Moreover, the Standard Oil Company was apparently the first great American industrial enterprise that realized the necessity of operating with an abundant capital. Not the least of Mr. Rockefeller's achievements was his success in associating with the new company men having great financial standing--Amasa Stone, Benjamin Brewster, Oliver Jennings, and the like, capitalists whose banking resources, placed at the disposition of the Standard, gave it an immense advantage over its rivals. While his competitors were "kiting" checks and waiting, hat in hand, on the good nature of the money lenders, Rockefeller always had a large bank balance, upon which he could instantly draw for his operations.

Nor must we overlook the fact that the Standard group contained a large number of exceedingly able men. "They are mighty smart men," said the despairing W. H. Vanderbilt, in 1879, when pressed to give his reasons for granting rebates to the Rockefeller group. "I guess if you ever had to deal with them you would find that out." In Rockefeller the corporation possessed a man of tireless industry and unshakable determination. Nothing could turn him aside from the work to which he had put his hand. Public criticism and even denunciation, while he resented it as unjust and regarded it as the product of a general misunderstanding, never caused the leader of Standard Oil even momentarily to flinch. He was a man of one idea, and he worked at it day and night, taking no rest or recreation, skillfully turning to his purpose every little advantage that came his way. His associates--men like Flagler, Archbold, and Rogers--also had unusual talents, and together they built up the splendid organization that still exists. They exacted from their subordinates the last ounce of attention and energy and they rewarded generously everybody who served them well. They showed great judgment in establishing refineries at the most strategic points and in giving up localities, such as Boston and Portland, which were too far removed from their supplies. They established a marketing system which enabled them to bring their oil directly from their own refineries to the retailer, all in their own tank cars and tank wagons. They extended their markets in foreign countries, so that now the Standard sells the larger part of its products outside the United States. They established chemical research laboratories which devised new and inexpensive methods for refining the product and developed invaluable byproducts, such as paraffin, naphtha, vaseline, and lubricating oils. It is impossible to study the career of the Standard Oil Company without concluding that we have here an example of a supreme business intelligence working in a field which gave the widest possible scope of action.

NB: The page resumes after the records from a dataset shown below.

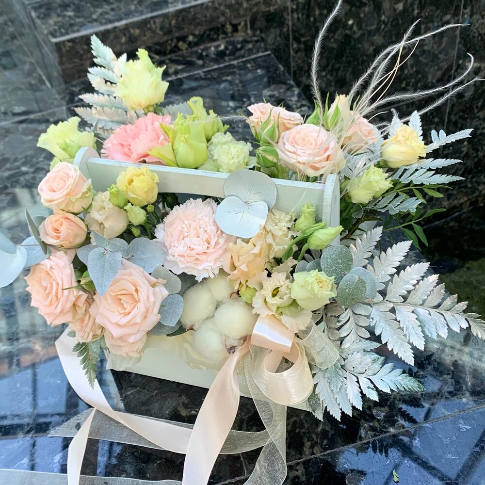 Лизиантус – 1 шт.Папоротник – 1 шт.Роза кустовая – 2 шт.Хлопок – 1 шт.Диантус – 2 шт.Ковыль – 1 шт.
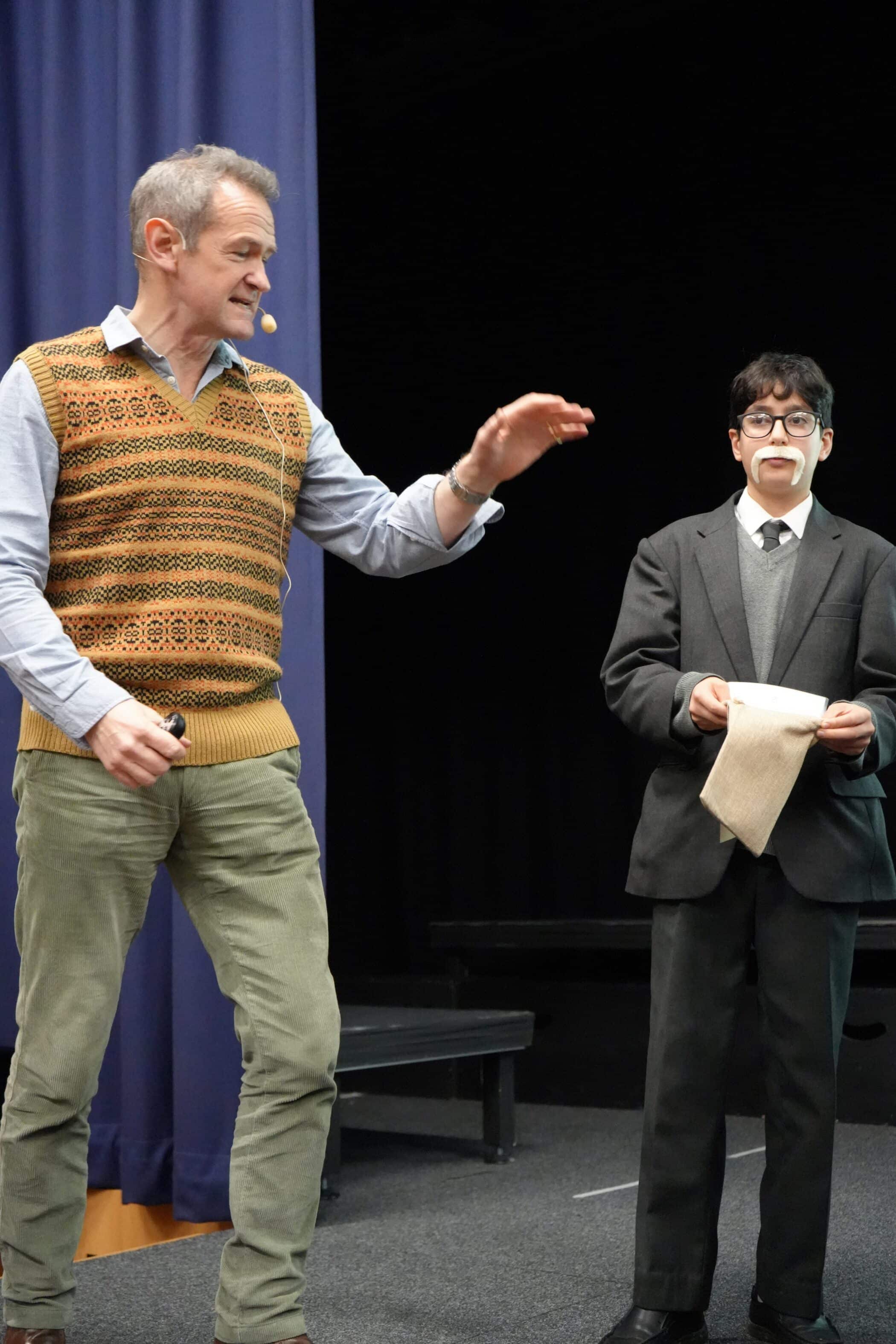 Alexander Armstrong spoke about the inspiration behind the story, read an excerpt to whet our appetites, and led a discussion on the qualities of fictional heroes and villains. He then invited several pupils onto the stage to invent their own characters, before rounding off the session by answering lively questions about his varied career, from voicing Hey Duggee to hosting Pointless.
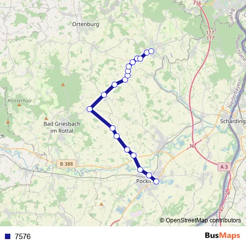 The first stop of the 7576 bus route is Pocking, Gymnasium and the last stop is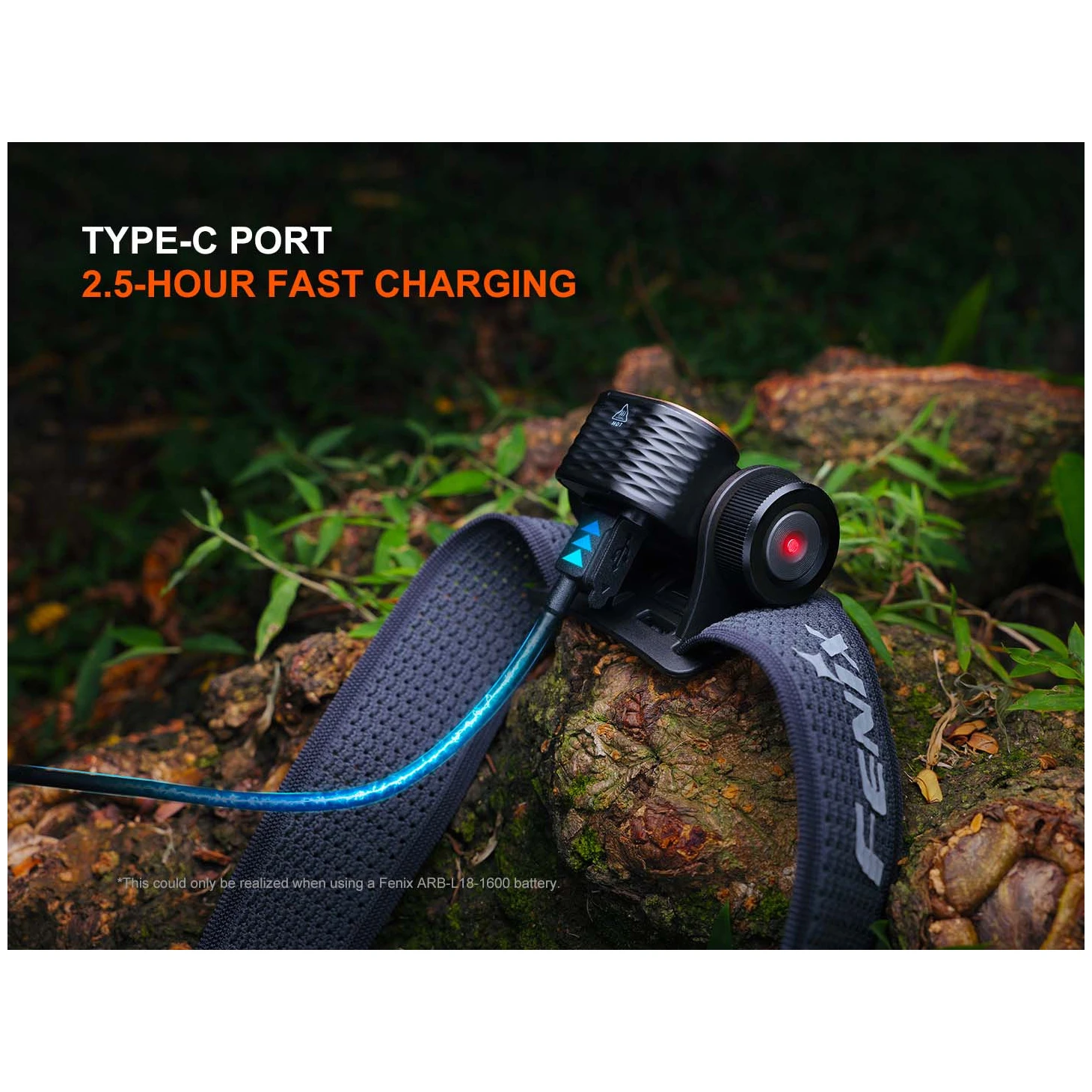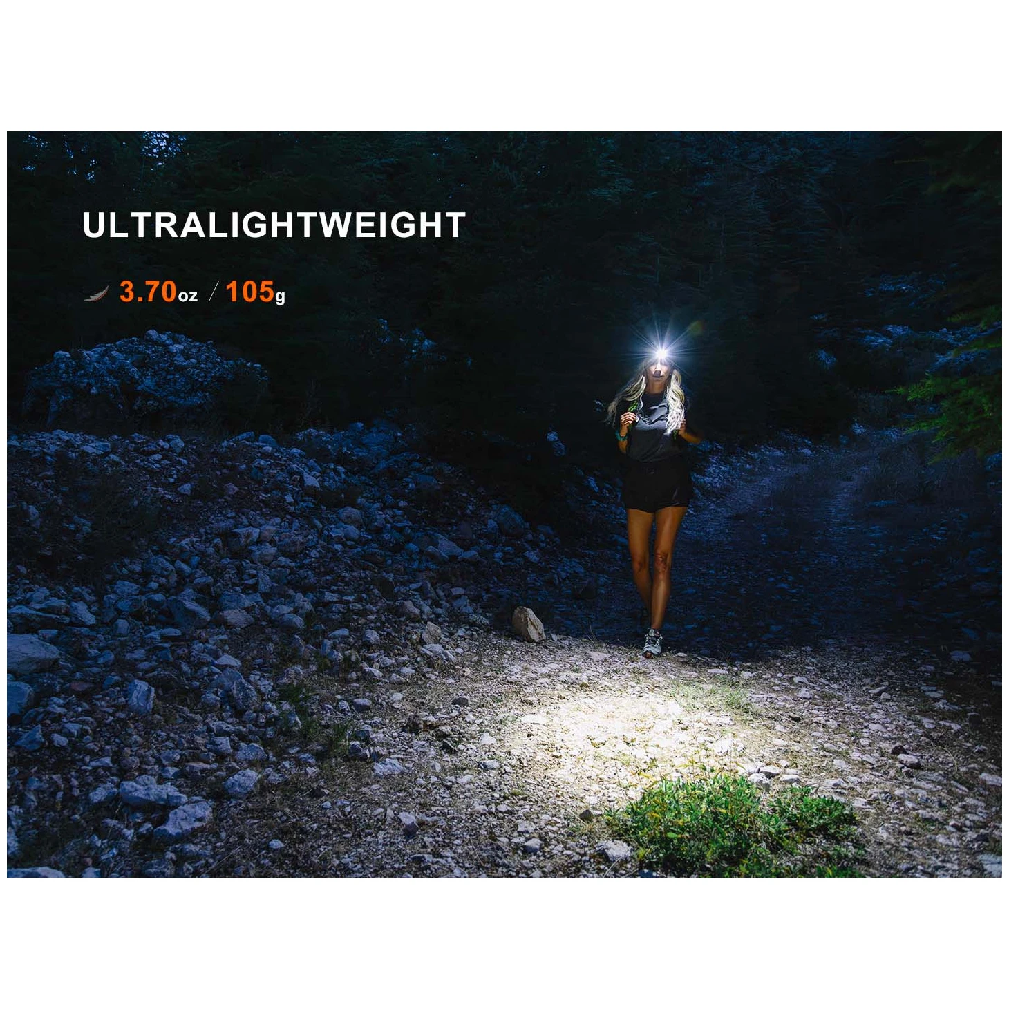Une lumière rouge et un clignotant de 5 lumens sont également disponibles. Elle utilise une batterie Li-ion de type 18350 d'une capacité de 1600 mAh pour l'alimentation, qui est incluse dans l'emballage et se recharge via un connecteur USB-C moderne directement dans la lampe frontale. La lampe frontale peut également être alimentée en cas d'urgence par des batteries RCR123A (16340) et une pile CR123A à usage unique. La lampe frontale est équipée d'une large sangle confortable. La sangle est perforée pour une évacuation rapide de la transpiration et équipée d'éléments réfléchissants pour assurer une bonne visibilité passive lors de la course sur route.

A high quality of organization, however, does not completely explain the growth of this monopoly. The Standard Oil Company was the beneficiary of methods that have deservedly received great public opprobrium. Of these the one that stands forth most conspicuously is the railroad rebate. Those who have attempted to trace the very origin of the Rockefeller preeminence to railroad discrimination have not entirely succeeded. Only the most hazy evidence exists that the firm of Rockefeller, Andrews, and Flagler greatly profited from rebates. In fact, refined oil was not transported from Cleveland to the seaboard by railroad until 1870, the year that this firm dissolved; practically all of the product then went by way of the Great Lakes and the Erie Canal. Possibly the Rockefeller firm did get occasional rebates on crude oil from the oil regions to the refineries, but so did their competitors. It is therefore not likely that such favors had great influence in making this single firm the most successful in the largest refining center. With the organization of the Standard Oil Company, however, rebates became a more important consideration.

The turning-point in the history of the oil industry came when the Rockefeller interests acquired the Cleveland refineries.